Alessio Scarchilli

Personal information
- Date of birth: September 10, 1972 (age 53)
- Place of birth: Rome, Italy
- Height: 1.80 m (5 ft 11 in)
- Position: Midfielder

Senior career*
- Years: Team / Apps / (Gls)
- 1991–1996: Roma / 26 / (5)
- 1992–1993: → Lecce (loan) / 32 / (3)
- 1994–1995: → Udinese (loan) / 33 / (5)
- 1996–2003: Torino / 120 / (17)
- 1997–1998: → Sampdoria (loan) / 21 / (1)
- 2003–2004: Mons / 7 / (0)
- 2004–2005: Teramo / 9 / (0)
- 2005–2006: Viterbese / 18 / (3)

International career
- 1993–1994: Italy U-21 / 9 / (0)

= Alessio Scarchilli =

Italian footballer (born 1972)

Alessio Scarchilli (born September 10, 1972) is a retired Italian professional football player. He played for 6 seasons (93 games, 10 goals) in the Serie A for A.S. Roma, U.C. Sampdoria and most notably for Torino F.C. He played in the UEFA Cup for Roma and Sampdoria.

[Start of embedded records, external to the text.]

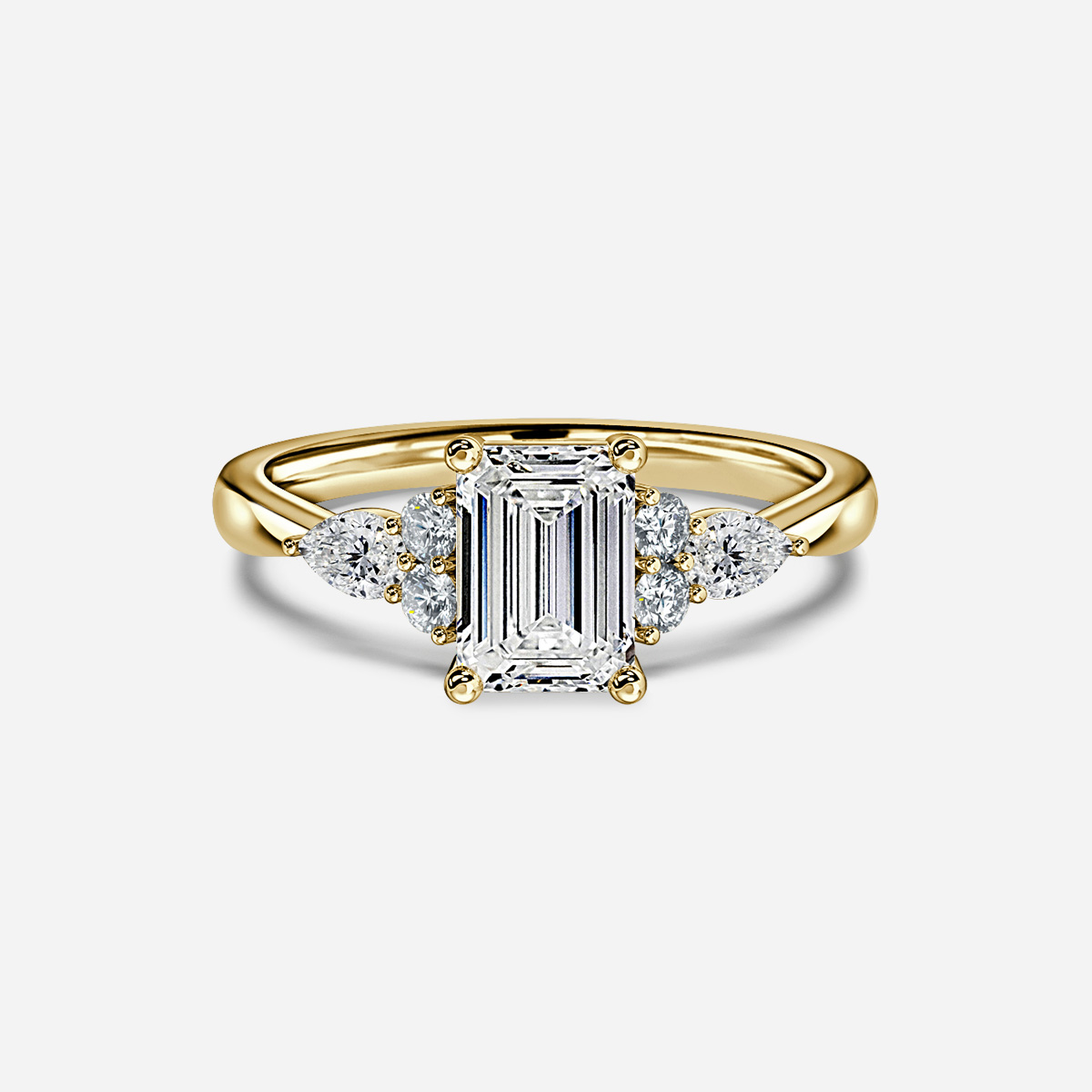 The Nanami sports a pair of pear shaped diamonds nestled next to brilliant round stones on its rounded side with the tip of the pears coming to a perfect point to meet the tapered band. Handcrafted in Hatton Garden, London. Centre Diamond Not Included, Setting only.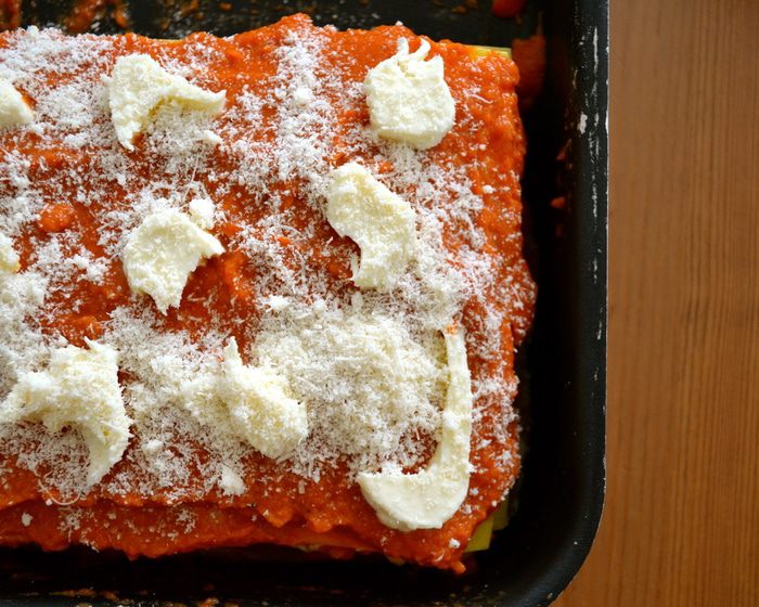 Повторить все в том же порядке до окончания всех ингредиентов... Последним слоем кладем листья лазаньи, покрываем их обильным слоем томатного соуса, выкладываем кусочки моцареллы и присыпаем тертым сыром. Запекать лазанью в духовке 30-40 минут...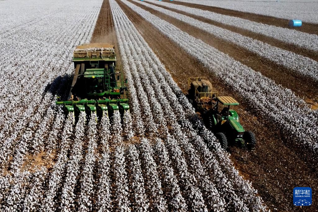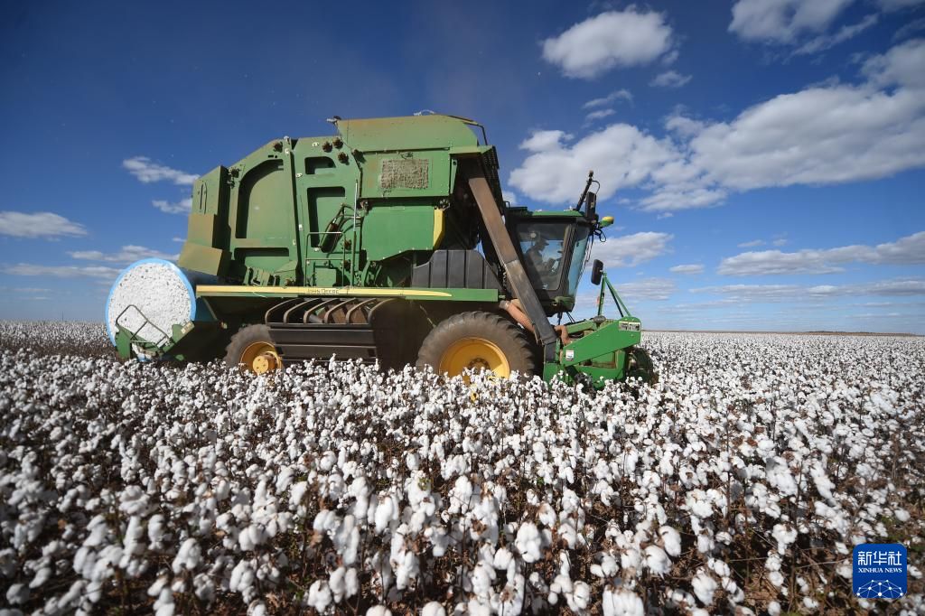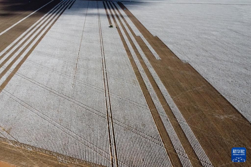 8月是巴西棉花收获季,许多农场在这个时间段进行大规模的棉花收割。图为8月6日,在巴西戈亚斯州克里斯塔利娜,采棉机在棉田中作业(无人机照片)。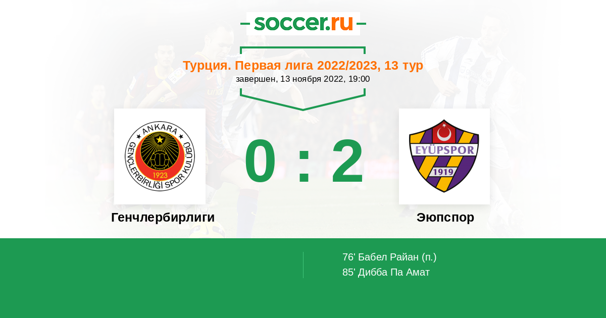 Протокол матча Генчлербирлиги против Эюпспор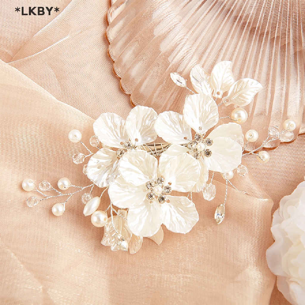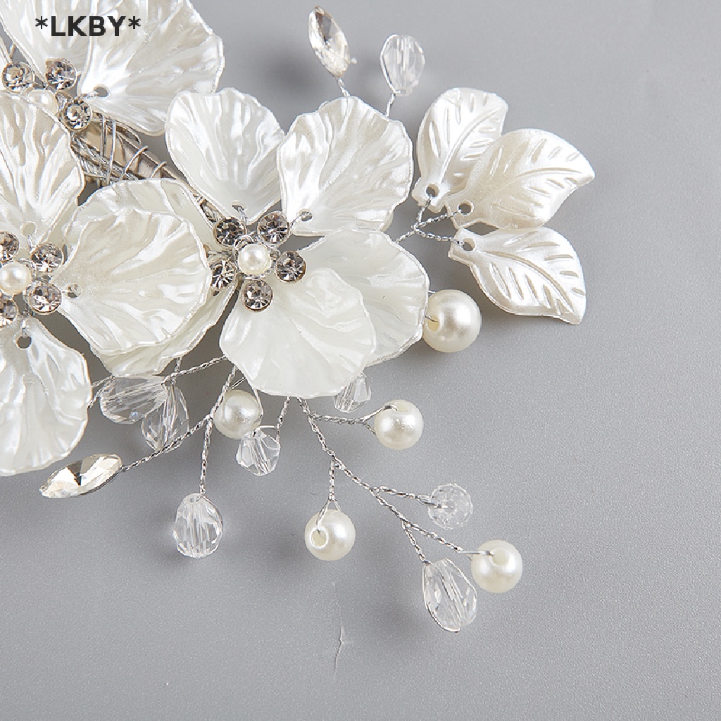 Luckybabys เจ้าสาวคริสตัลมุกดอกไม้ดอกไม้ Barrette ผมอุปกรณ์จัดงานแต่งงาน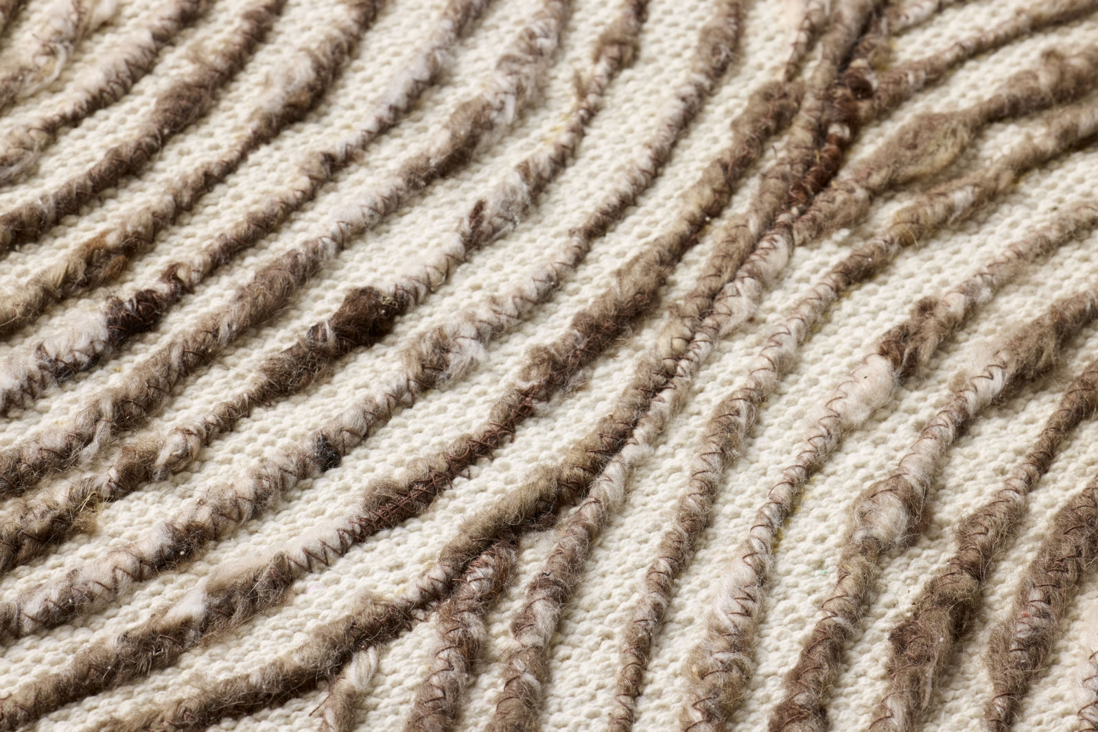 Phrase is hand-woven wall art with a brown-and-ivory curving abstract design, a neutral accent for bohemian or natural home decor. The artwork is crafted in India from wool, cotton, polyester, and other fibers, and custom-framed by Loloi in the USA, measuring 33' x 33'.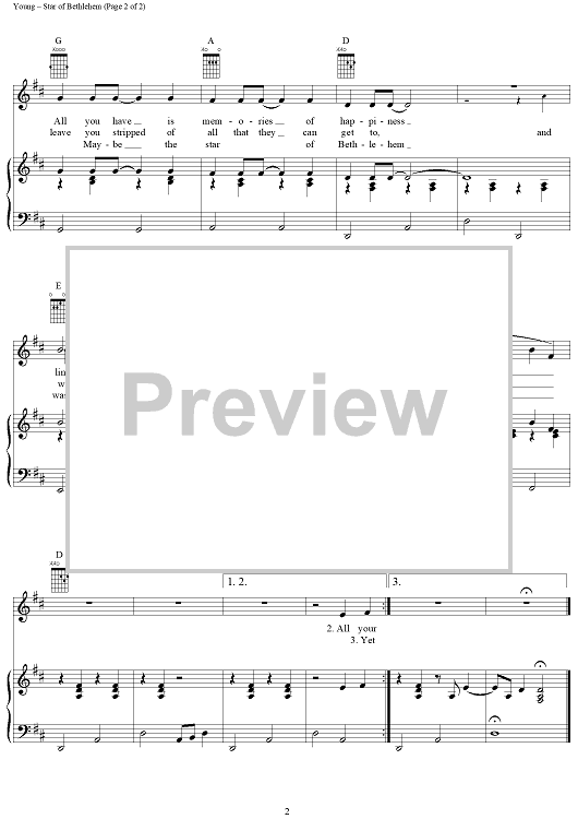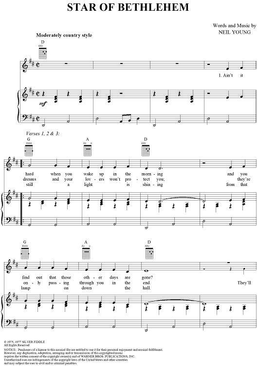 Digital Sheet Music for Star of Bethlehem by Neil Young scored for Piano/Vocal/Chords; id:262743

Scarchilli began playing football in A.S. Roma's youth system. After graduating to the club's senior side, Scarchilli made his Serie B debut with U.S. Lecce while out on loan from Roma. After he helped Lecce earn promotion to Serie A during the 1992–93 season, Scarchilli returned to Roma.

He represented Italy in the 1994 UEFA European Under-21 Football Championship.

Currently, he works as a TV commentator on a channel dedicated to A.S. Roma.